Payne therefore identifies a number of factors which will or may be relevant in a relocation case, explains their importance to the welfare of the child, and suggests helpful disciplines to ensure that the proper matters are considered in reaching a decision but it does not dictate the outcome of a case. I do not see Hedley J’s decision in Re Y as representative of a different line of authority from Payne, applicable where the child’s care is shared between the parents as opposed to undertaken by one primary carer; I see it as a decision within the framework of which Payne is part. It exemplifies how the weight attached to the relevant factors alters depending upon the facts of the case.
Accordingly, I would not expect to find cases bogged down with arguments as to whether the time spent with each of the parents or other aspects of the care arrangements are such as to make the case “a Payne case” or “a Re Y case”, nor would I expect preliminary skirmishes over the label to be applied to the child’s arrangements with a view to a parent having a shared residence order in his or her armoury for deployment in the event of a relocation application. The ways in which parents provide for the care of their children are, and should be, infinitely varied. In the best of cases they are flexible and responsive to the needs of the children over time. When a relocation application falls to be determined, all of the facts need to be considered.

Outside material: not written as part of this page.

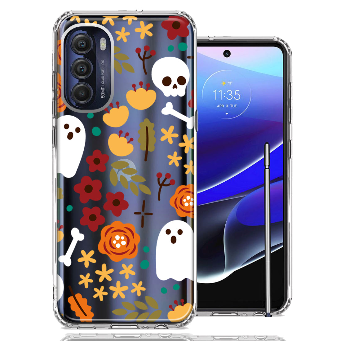 For Motorola Moto G Stylus 4G 2022 Spooky Season Fall Autumn Flowers Ghosts Skulls Halloween Double Layer Phone Case Cover

Despite my rather different view of Payne from that of Thorpe LJ, I agree with him that the judgment and the exchange with counsel that follows do not demonstrate that all the relevant factors were put properly in the balance. In particular, the contribution that the father was making to the children’s welfare and the advice of the CAFCASS officer received insufficient attention. I associate myself also with the comments of Moore-Bick LJ on these matters.
I should make clear that in this case, I have been addressing only the issue of relocation outside this jurisdiction. The so-called “internal relocation” cases have followed a slightly different path, outside the reach of Payne, and such argument as there may be about them is not for today. In so far as we were referred to that line of authorities, the reference was, I thought, rather too oblique to justify giving any prominence to it in the present context.